Realization of Backward Retrieval in a Stark-modulated Spin-wave Quantum Memory

TL;DR

This paper demonstrates the first experimental backward retrieval in a Stark-modulated spin-wave quantum memory, achieving high fidelity and highlighting potential for efficiency improvements.

Contribution

It presents the first experimental realization of backward retrieval in a Stark-echo-modulated quantum memory, showing its practical scalability and potential for higher efficiency.

Findings

Achieved conditional storage fidelities above 97%

Backward retrieval efficiency limited mainly by technical imperfections

Potential for surpassing reabsorption-limited forward-emission with improvements

Abstract

We report the first experimental realization of backward retrieval in a spin-wave quantum memory based on a Stark-echo-modulated protocol in Eu3+:Y2SiO5. By using Stark control, we preserve the full optical depth of the ensemble while suppressing coherent noise, enabling conditional storage fidelities above 97%. Our analysis shows that the present backward-retrieval efficiency is mainly limited by technical imperfections rather than by fundamental constraints.

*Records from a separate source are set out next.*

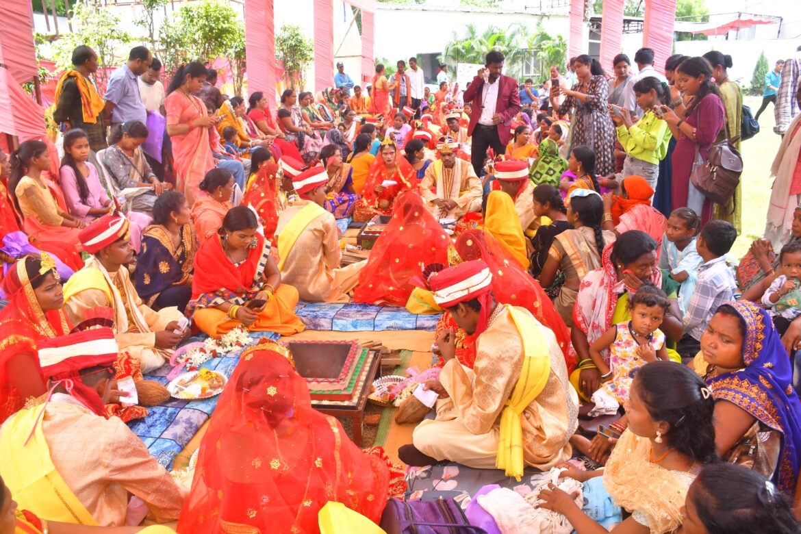 रायगढ़। जिले के कलेक्टर कार्तिकेया गोयल के मार्गदर्शन में मंगलवार को 45 जोड़ों का विवाह रायगढ़ जिला मुख्यालय में सम्पन्न हुआ। विवाह में रायगढ़ शहरी, रायगढ़ ग्रामीण तथा पुसौर विकासखण्ड के जोड़े सम्मिलित हुए। गायत्री परिवार द्वारा पारंपरिक रीति से विधिवत विवाह कराया गया।
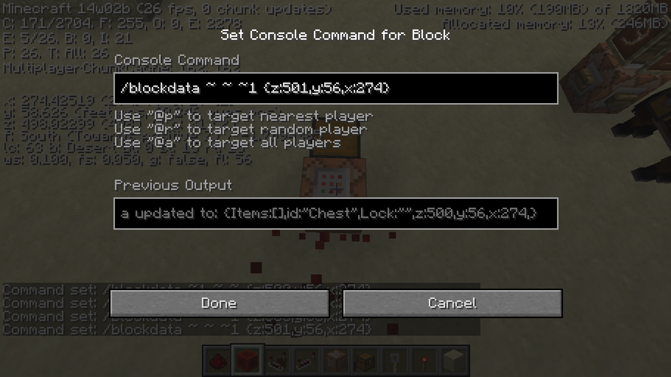 While trying to change the location of a chest via command block by editing the x, y, and z data tags through the /blockdata command, it says that the block was indeed updated, but does not show any change in the tags or to the chest. It is highly likely the command was not intended to be used like this, but while using /blockdata ~ ~-1 ~ {} I noticed it was indeed an option and expected it to work. Even if it was not intended to be used like this, when I saw this I didn't expect it to work, but wished it would as the functionality would be a great asset to my adventure map.
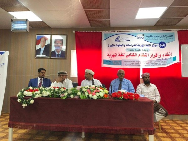 تحت شعار “إنشاء وإقرار النظام الكتابي للغة المهرية”، وبرعاية الشيخ راجح سعيد باكريت محافظ محافظة المهرة ، اقام مركز اللغة المهرية للدراسات والبحوث ورشة علمية، شارك فيها العديد من الأكاديميين المتخصصين، من داخل المحافظة وخارجها، وبحضور رسمي وشعبي من الباحثين والمهتمين باللغة المهرية، والذين توافدوا إلى عاصمة محافظة المهرة – الغيضة، وقد استمرت الورشة على مدى يومين 19 – 20من يونيو 2019م، حيث تركزت الورشة على ثلاث محاور، ونوقش من خلالها عدد من الأوراق والمقترحات المقدمة من قبل المشاركين.
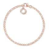 A staple piece in any wardrobe, this Rose Gold Plated Sterling Silver Thomas Sabo Charm Club Belcher 17cm is a real showstopper. Crafted in stunning Thomas Sabo rose gold that exudes hues of pink and yellow. A belcher bracelet is a great everyday staple that features round links. The bracelet also has a charm with the iconic Thomas Sabo logo which adds a fun element to the piece. You can add charms to this bracelet or wear it on its own.
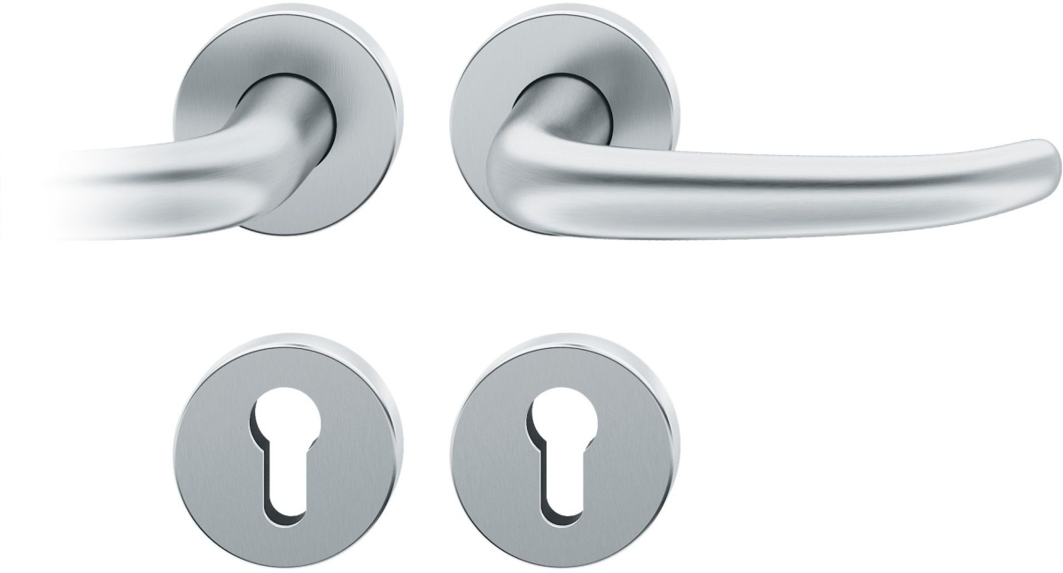 Kompletní sada kování pro požární dveře obsahuje pár dveřních klik, rozety pod kliku, rozety zámkové, spojovací materiál
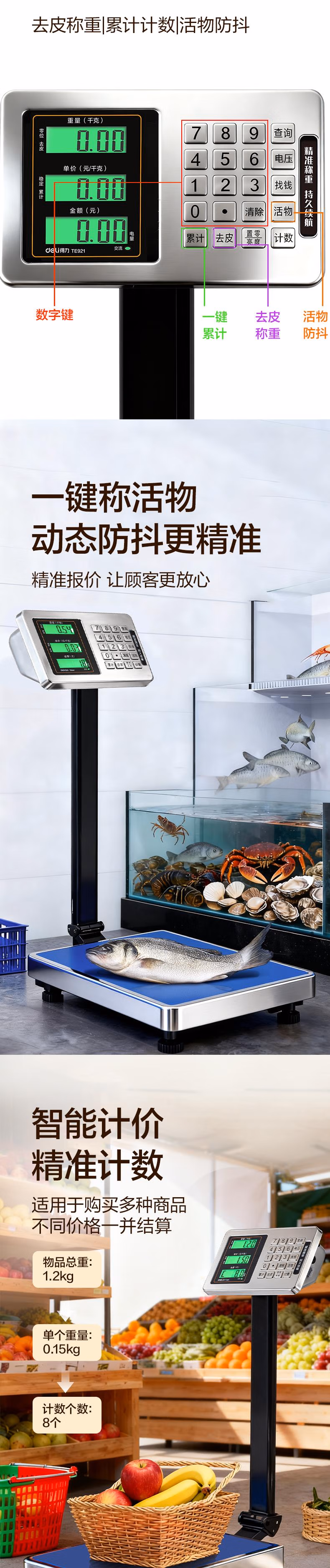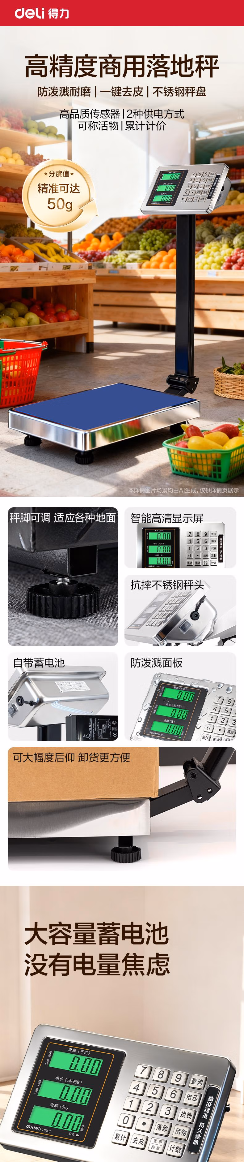 包装清单  :   得力(deli)充电台秤电子秤商用高精度落地卖菜电子称货物磅秤计价大型工业用计数快递秤 TE921
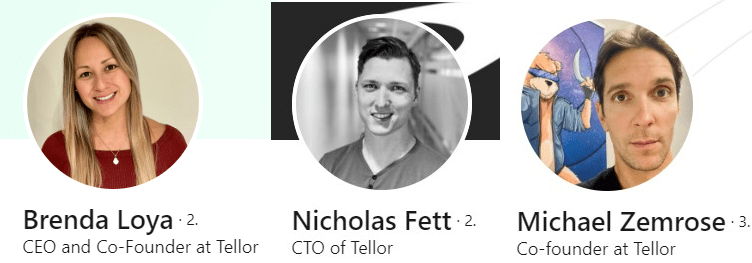 Tellor, 2019 yılında Brenda Loya, Micheal Zemrose ve Nicholas Fett tarafından kurulmuştur.
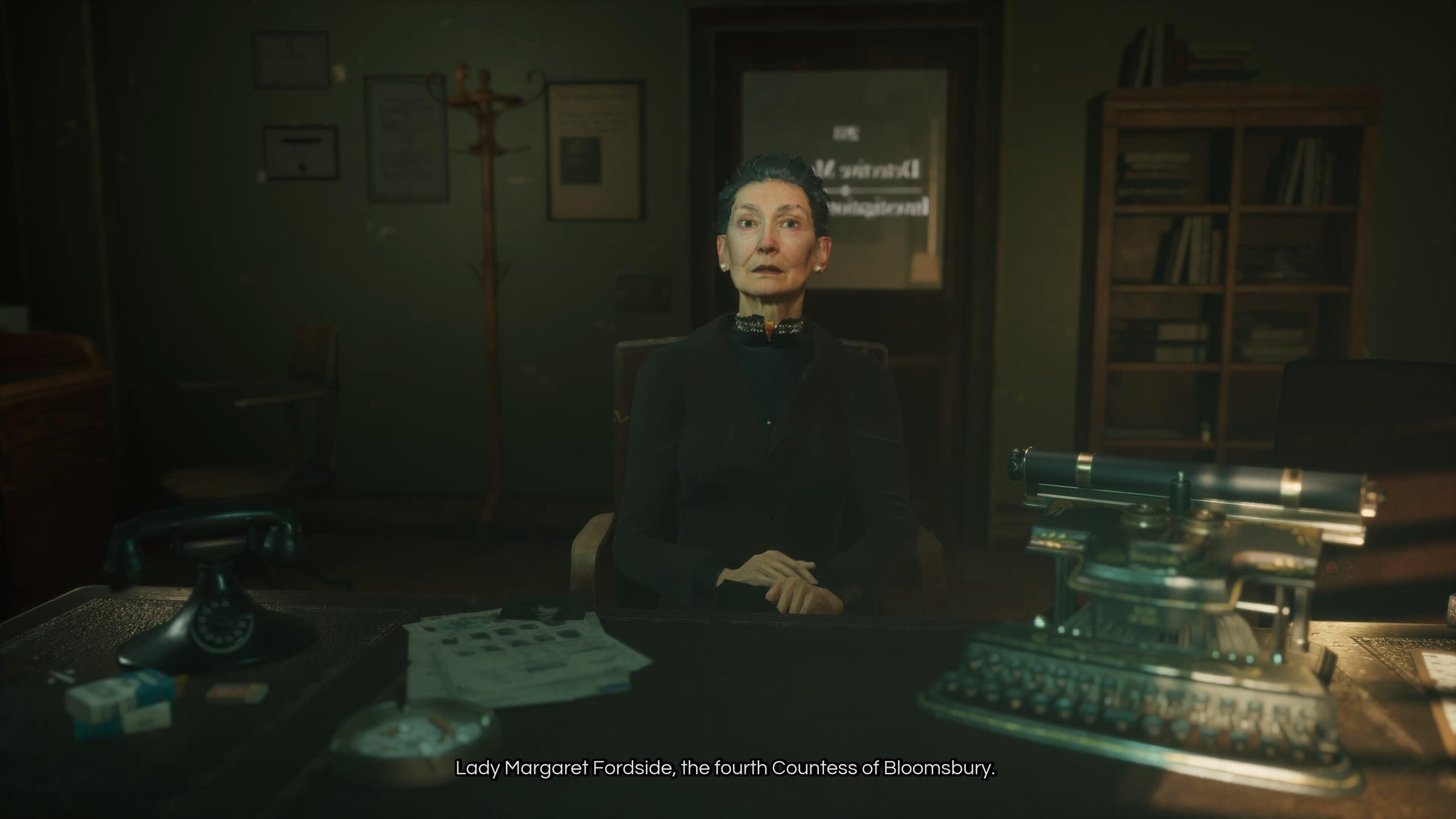 Tankene mine var like tåkete som en høstdag i London, men jeg kom meg tilbake til kontoret. Jeg trengte noe for å roe nervene. Mens jeg rotet rundt i skrivebordsskuffen hørte jeg en lyd. Plutselig sto hun der. Ingen skjønnhet som fra en klassisk Hollywood-noir, men en eldre dame med øyne som hadde sett for mye.
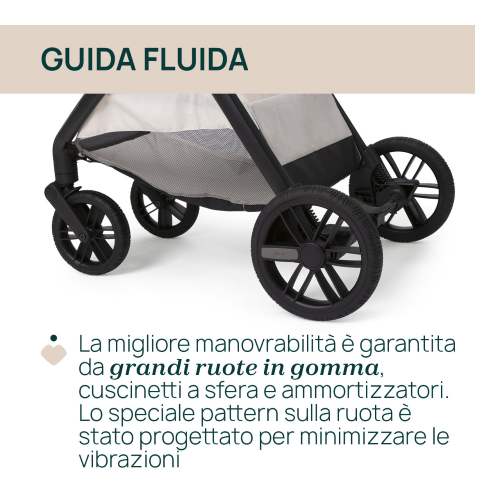Ruote in gomma ad alte prestazioni, cuscinetti a sfera e ammortizzatori per il massimo comfort e maneggevolezza su ogni tipo di terreno.
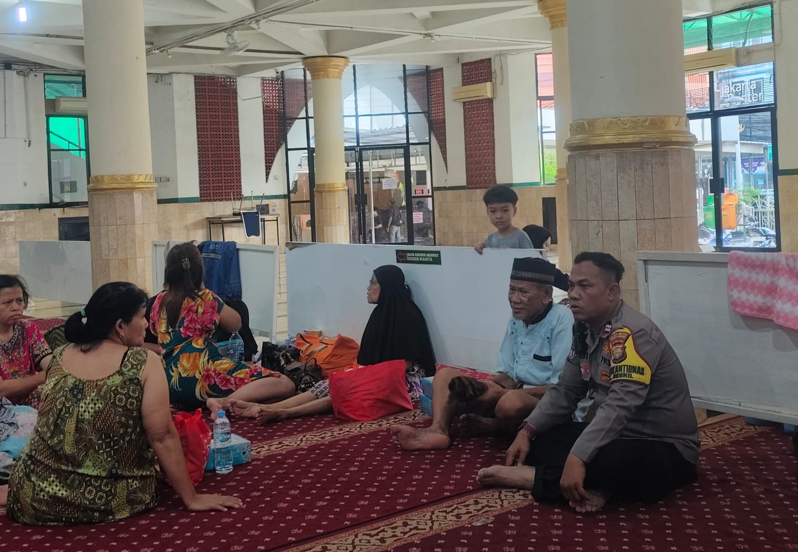 Jakarta Pusat — Bhabinkamtibmas Kelurahan Bendungan Hilir Aiptu Heri Murgianta melakukan monitoring dan pendampingan kegiatan penyaluran bantuan dari Dinas Sosial DKI Jakarta kepada warga yang mengungsi akibat genangan air di Masjid Al-Fallah, RW 01 Kelurahan Bendungan Hilir, Kecamatan Tanah Abang, Jakarta Pusat, Minggu (8/3/2026), sore hari.
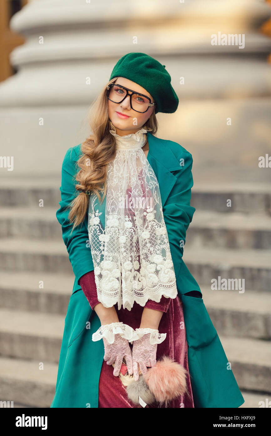 Fashion Portrait Of College Student Girl At Campus Outdoors Stock
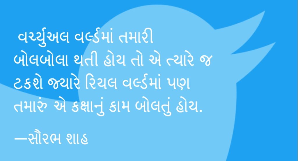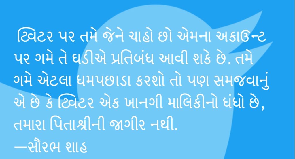 ૧૫. જતાં પહેલાં છેલ્લી વાત સાંભળતા જાઓ. ટ્વિટર પર તમે જેને ચાહો છો એમના અકાઉન્ટ પર ગમે તે ઘડીએ પ્રતિબંધ આવી શકે છે. તમે ગમે એટલા ધમપછાડા કરશો તો પણ સમજવાનું એ છે કે ટ્વિટર એક ખાનગી માલિકીનો ધંધો છે, તમારા પિતાશ્રીની જાગીર નથી. ટ્વિટર, ફેસબુક અને યુટ્યુબે અમેરિકાના પ્રમુખ ડોનાલ્ડ ટ્રમ્પ સત્તા પર હતા ત્યારે એમને બૅન કર્યા હતા અને ભવિષ્યમાં (2024માં) તેઓ જો ચૂંટણી લડશે તો પણ અમે એમના પરનો પ્રતિબંધ નહીં હટાવીએ ત્યાં સુધીની બદમાશી આ સોશ્યલ મીડિયાના માલિકો ઓપનલી કરી શકે છે. તમે પોતે પણ ગમે ત્યારે બ્લૉક થઈ શકો છો. તમને ગમતાં હેન્ડલ બ્લૉક થાય તો જરા ખાંખાખોળા કરશો તો જડી જશે કે કઈ નવી આઇડેન્ટિટી સાથે તેઓ પાછા રણમેદાનમાં આવ્યા છે. ટ્રુ ઇન્ડોલોજિથી માંડીને અજિત ભારતી સુધીના અનેક અકાઉન્ટ્સના જન્મ-પુનર્જન્મ થયા છે. તમારે આ લખચોરાશીની લપ્પનછપ્પનમાં ન પડવું હોય તો સાવધ રહેજો, જવાબદારીથી વર્તજો અને ટ્વીટ ટાઇપ કર્યા પછી બેવાર વાંચી જજો. કમ સે કમ જોડણીની ભૂલો તો સુધરશે જ.

With realistic engineering improvements, backward retrieval in this protocol could move beyond the reabsorption-limited forward-emission regime. The protocol is also compatible with cavity-enhanced operation, offering an additional route toward higher efficiencies. These findings establish Stark-echo modulation as a practical and scalable route to high-efficiency, long-lived solid-state quantum memories.